**What this task involves**
Set down precisely the lines from the line with "Colour: White Base" through the end of the material, inclusive, and no pictures.

********************

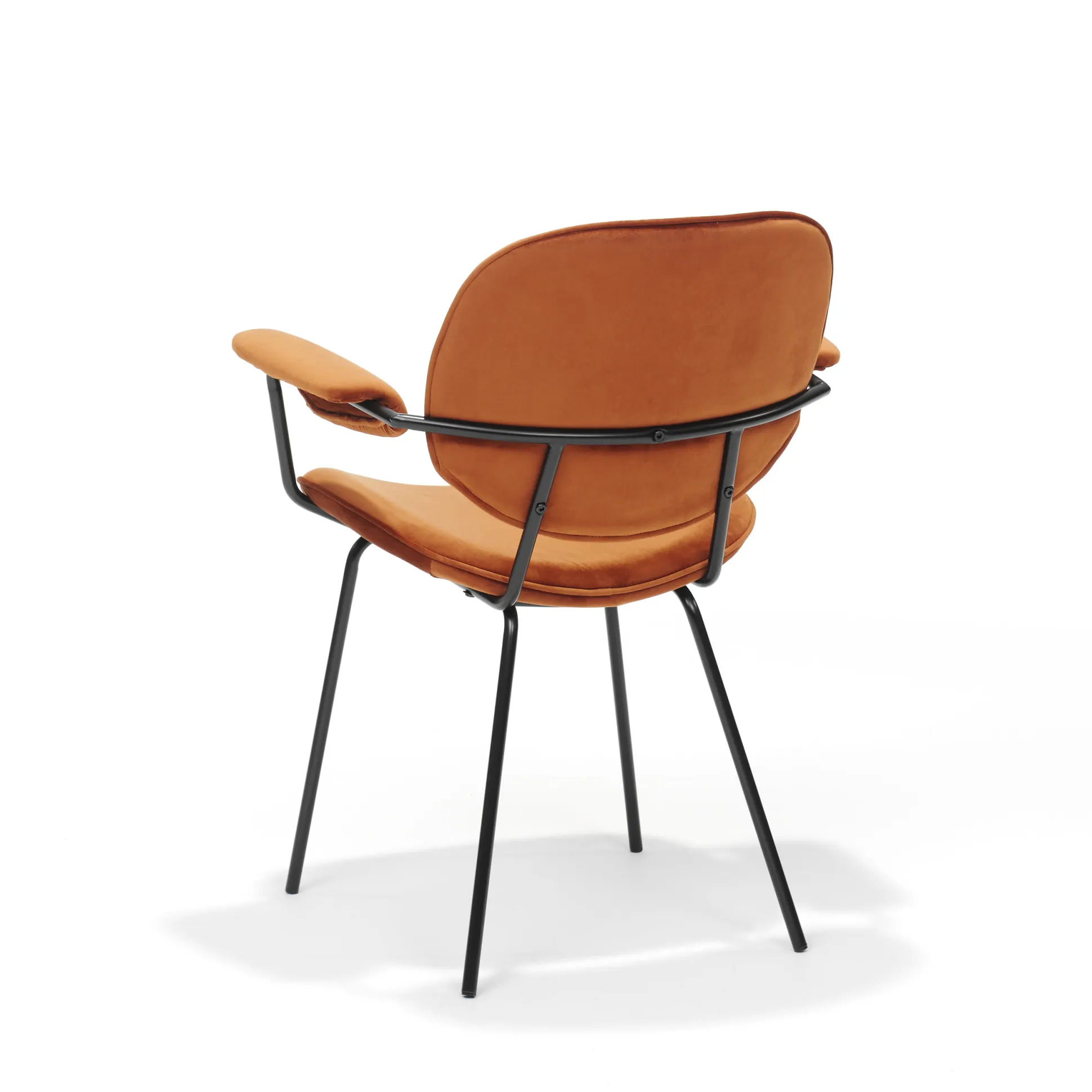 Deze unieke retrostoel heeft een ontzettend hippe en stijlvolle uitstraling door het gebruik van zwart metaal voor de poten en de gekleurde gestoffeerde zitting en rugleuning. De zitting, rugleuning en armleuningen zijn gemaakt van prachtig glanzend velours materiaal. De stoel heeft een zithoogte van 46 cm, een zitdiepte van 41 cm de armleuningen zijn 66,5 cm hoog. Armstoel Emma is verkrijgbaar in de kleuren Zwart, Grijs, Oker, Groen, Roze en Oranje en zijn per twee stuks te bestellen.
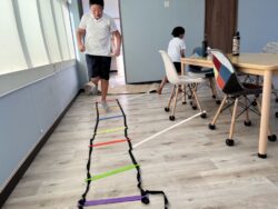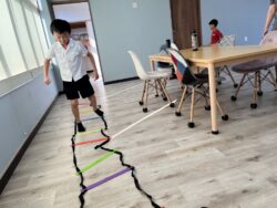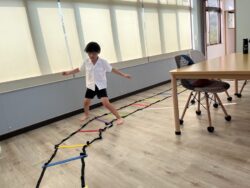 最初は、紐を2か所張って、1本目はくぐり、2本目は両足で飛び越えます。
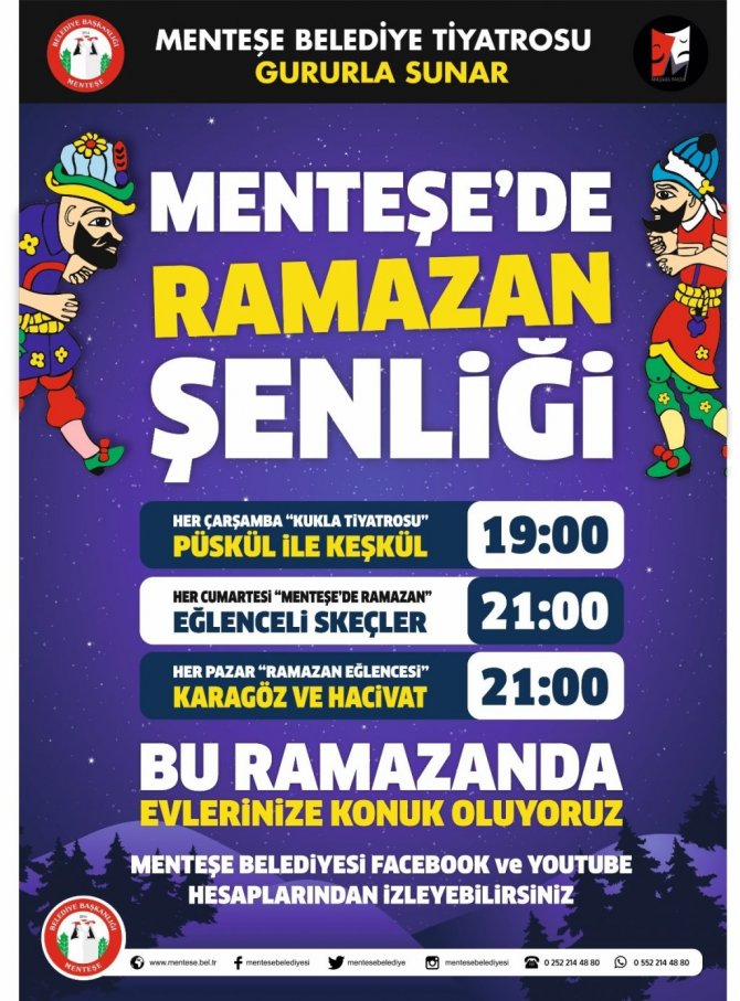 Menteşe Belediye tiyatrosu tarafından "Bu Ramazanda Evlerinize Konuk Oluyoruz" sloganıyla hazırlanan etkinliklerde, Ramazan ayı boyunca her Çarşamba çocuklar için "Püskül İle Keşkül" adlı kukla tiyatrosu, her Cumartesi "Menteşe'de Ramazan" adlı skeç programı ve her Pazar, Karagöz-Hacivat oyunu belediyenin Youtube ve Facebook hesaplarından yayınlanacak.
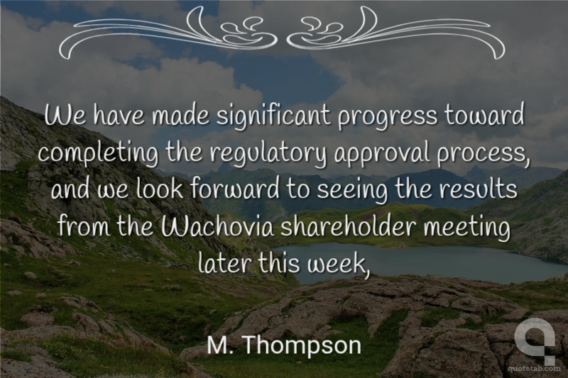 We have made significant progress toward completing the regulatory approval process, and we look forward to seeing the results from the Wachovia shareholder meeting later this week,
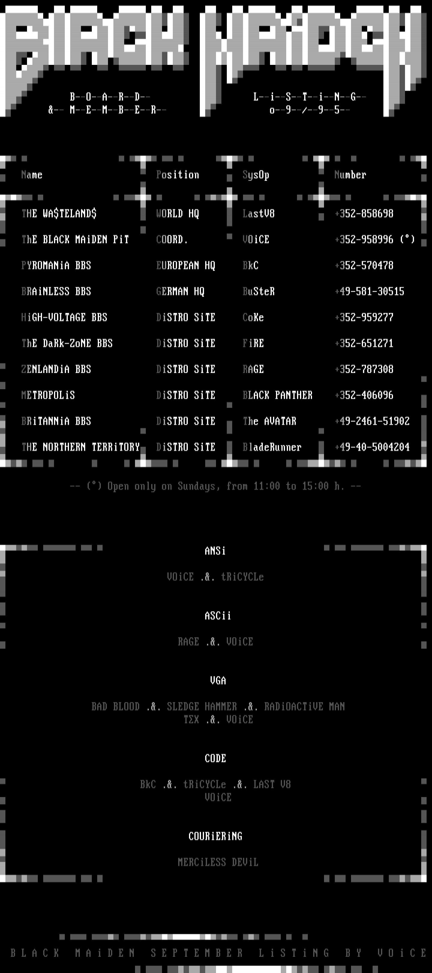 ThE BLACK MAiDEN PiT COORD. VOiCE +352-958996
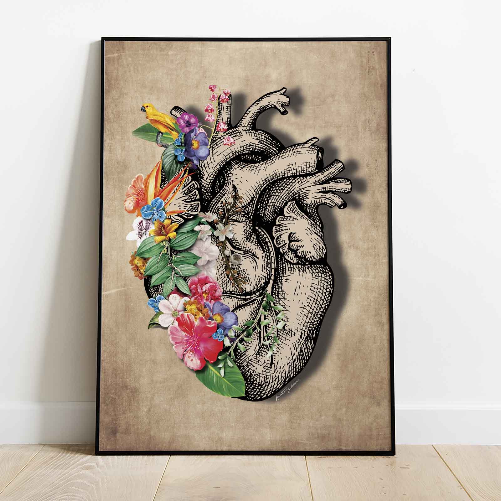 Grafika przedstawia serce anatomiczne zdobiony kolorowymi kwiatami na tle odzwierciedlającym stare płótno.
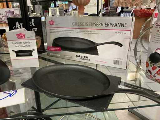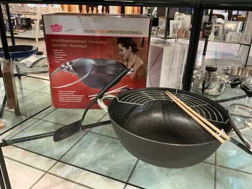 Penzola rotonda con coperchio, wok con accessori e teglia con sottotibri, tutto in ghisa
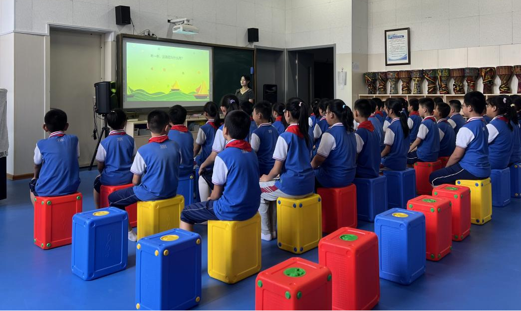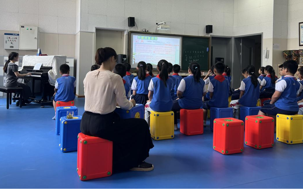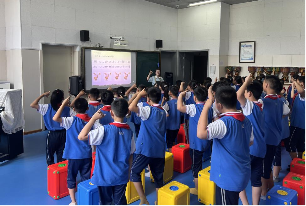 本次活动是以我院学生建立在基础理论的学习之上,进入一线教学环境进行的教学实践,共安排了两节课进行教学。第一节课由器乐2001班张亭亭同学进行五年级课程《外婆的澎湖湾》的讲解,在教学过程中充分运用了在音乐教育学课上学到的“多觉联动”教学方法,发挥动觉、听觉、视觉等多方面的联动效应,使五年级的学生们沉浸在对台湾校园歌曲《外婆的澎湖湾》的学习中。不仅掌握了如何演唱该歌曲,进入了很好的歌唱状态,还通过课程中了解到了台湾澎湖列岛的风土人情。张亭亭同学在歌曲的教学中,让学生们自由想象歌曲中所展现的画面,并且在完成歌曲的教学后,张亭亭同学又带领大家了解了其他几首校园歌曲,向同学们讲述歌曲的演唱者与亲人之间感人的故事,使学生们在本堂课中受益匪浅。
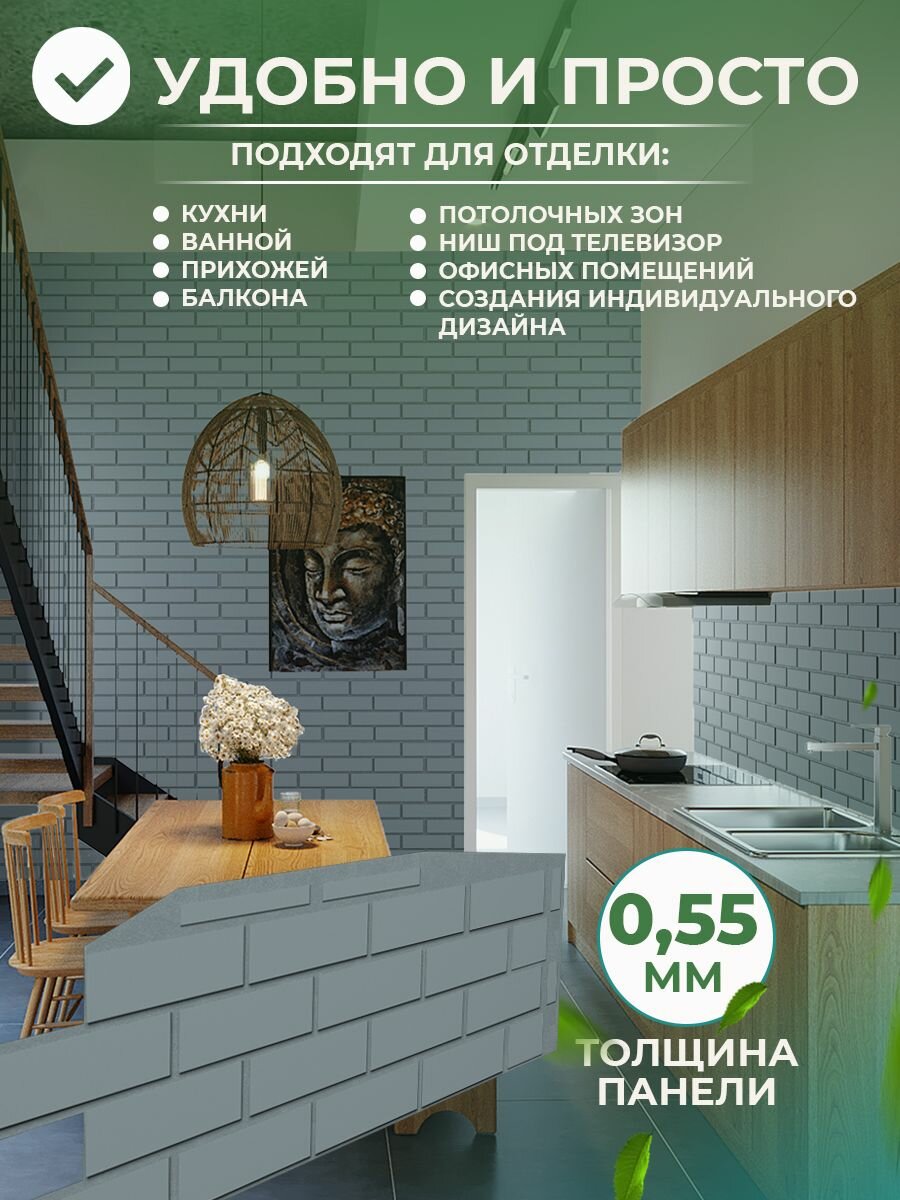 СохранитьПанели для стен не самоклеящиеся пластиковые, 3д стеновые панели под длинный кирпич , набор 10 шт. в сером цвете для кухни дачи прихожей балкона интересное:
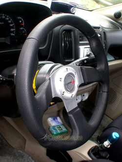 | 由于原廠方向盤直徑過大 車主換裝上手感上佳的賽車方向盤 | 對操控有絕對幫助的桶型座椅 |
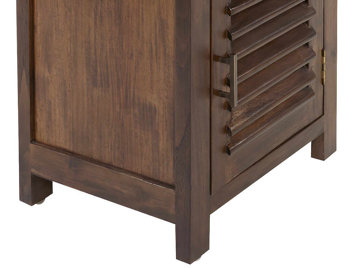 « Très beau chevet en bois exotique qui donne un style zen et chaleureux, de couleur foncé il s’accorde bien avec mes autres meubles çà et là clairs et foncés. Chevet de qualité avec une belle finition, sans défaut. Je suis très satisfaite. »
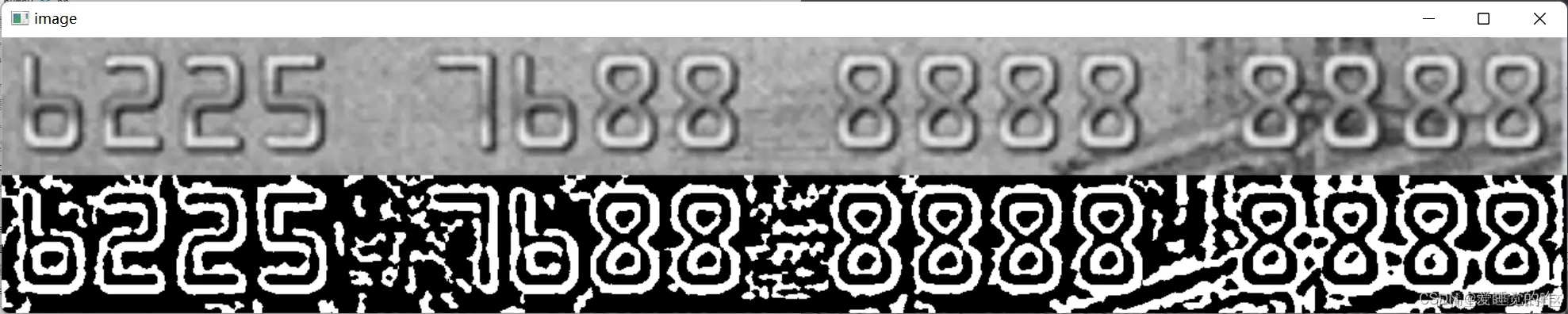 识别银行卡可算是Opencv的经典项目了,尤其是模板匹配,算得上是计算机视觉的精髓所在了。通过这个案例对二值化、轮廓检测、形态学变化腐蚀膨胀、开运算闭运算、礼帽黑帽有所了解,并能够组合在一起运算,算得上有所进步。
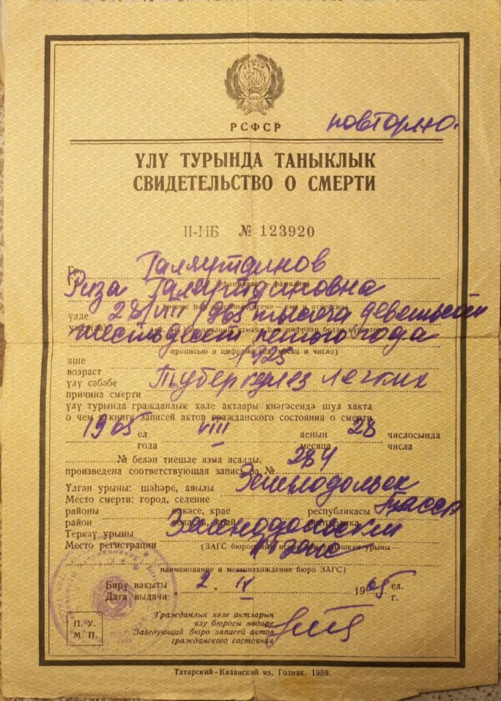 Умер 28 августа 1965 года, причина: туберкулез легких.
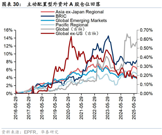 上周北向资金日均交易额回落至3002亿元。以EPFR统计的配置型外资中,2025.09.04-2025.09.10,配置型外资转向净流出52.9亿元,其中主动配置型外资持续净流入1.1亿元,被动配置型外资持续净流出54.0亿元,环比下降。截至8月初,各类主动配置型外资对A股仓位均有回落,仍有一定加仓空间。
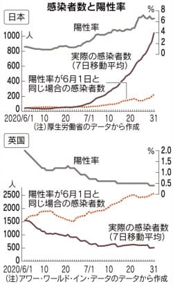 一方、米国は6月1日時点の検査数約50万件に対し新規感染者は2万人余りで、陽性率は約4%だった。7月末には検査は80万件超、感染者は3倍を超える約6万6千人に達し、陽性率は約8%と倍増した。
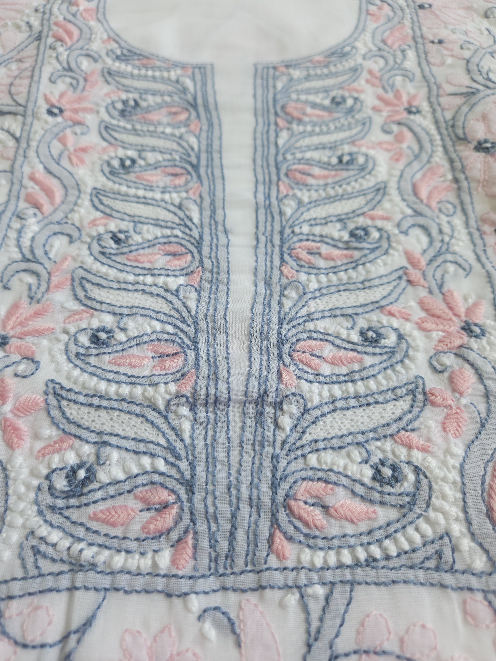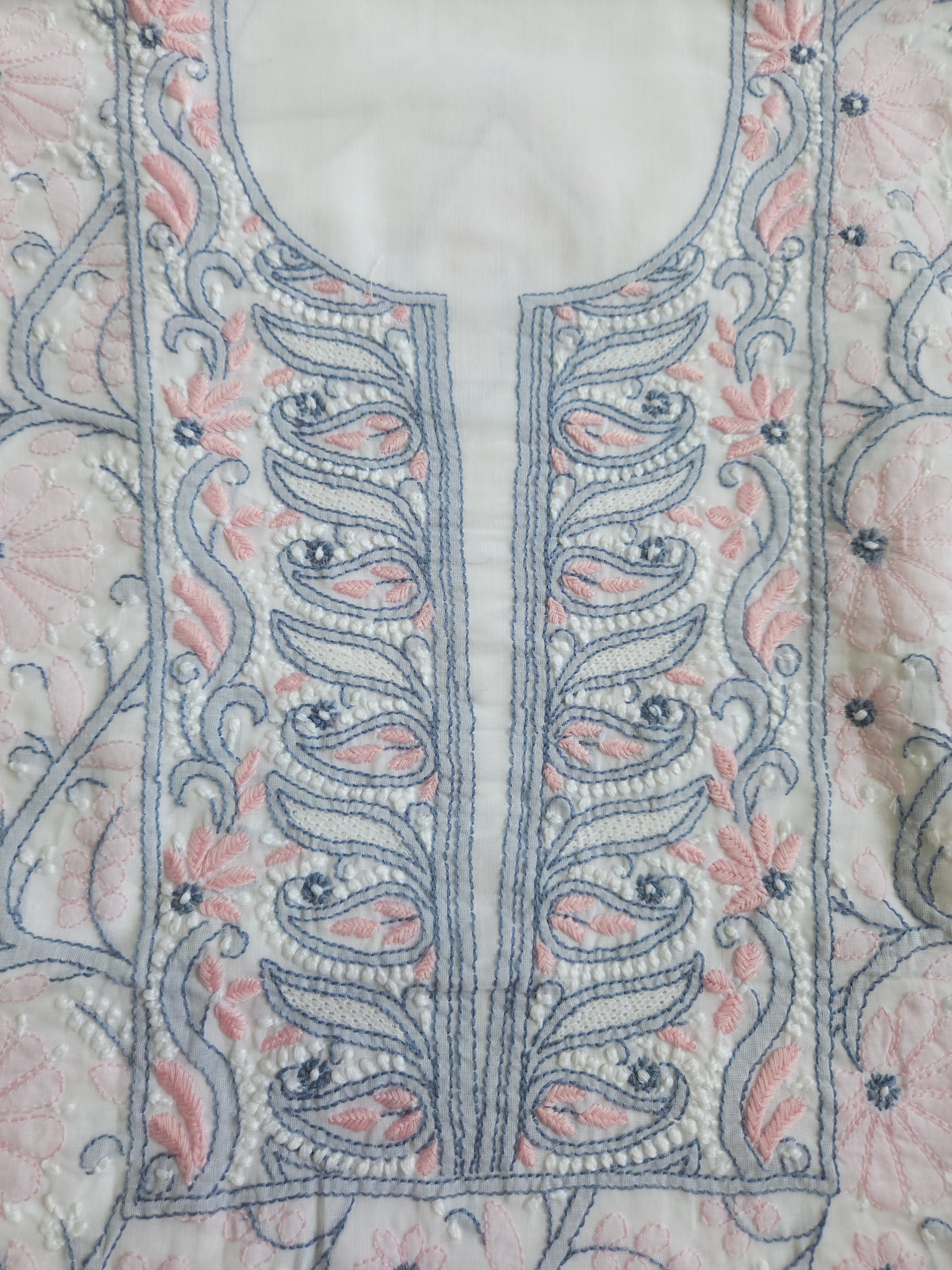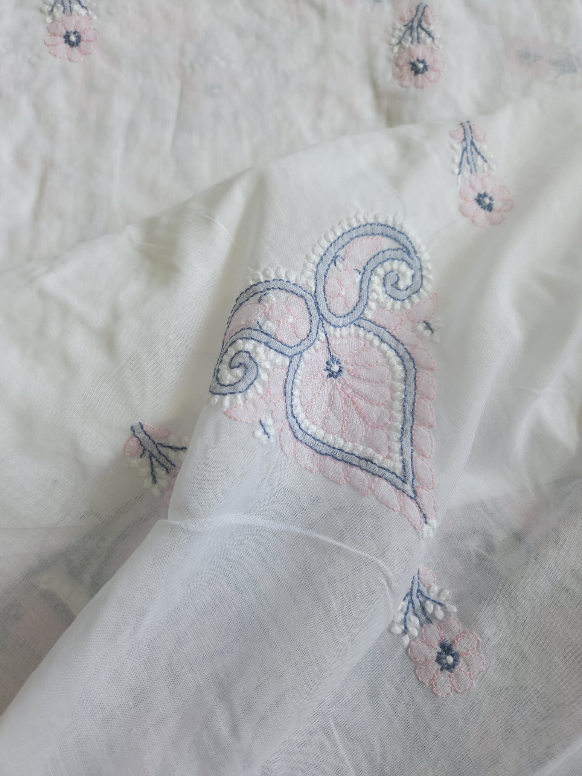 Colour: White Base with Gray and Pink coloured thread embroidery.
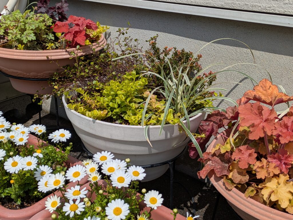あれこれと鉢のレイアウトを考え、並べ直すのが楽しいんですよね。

********************

**Answer**
 Colour: White Base with Gray and Pink coloured thread embroidery.
あれこれと鉢のレイアウトを考え、並べ直すのが楽しいんですよね。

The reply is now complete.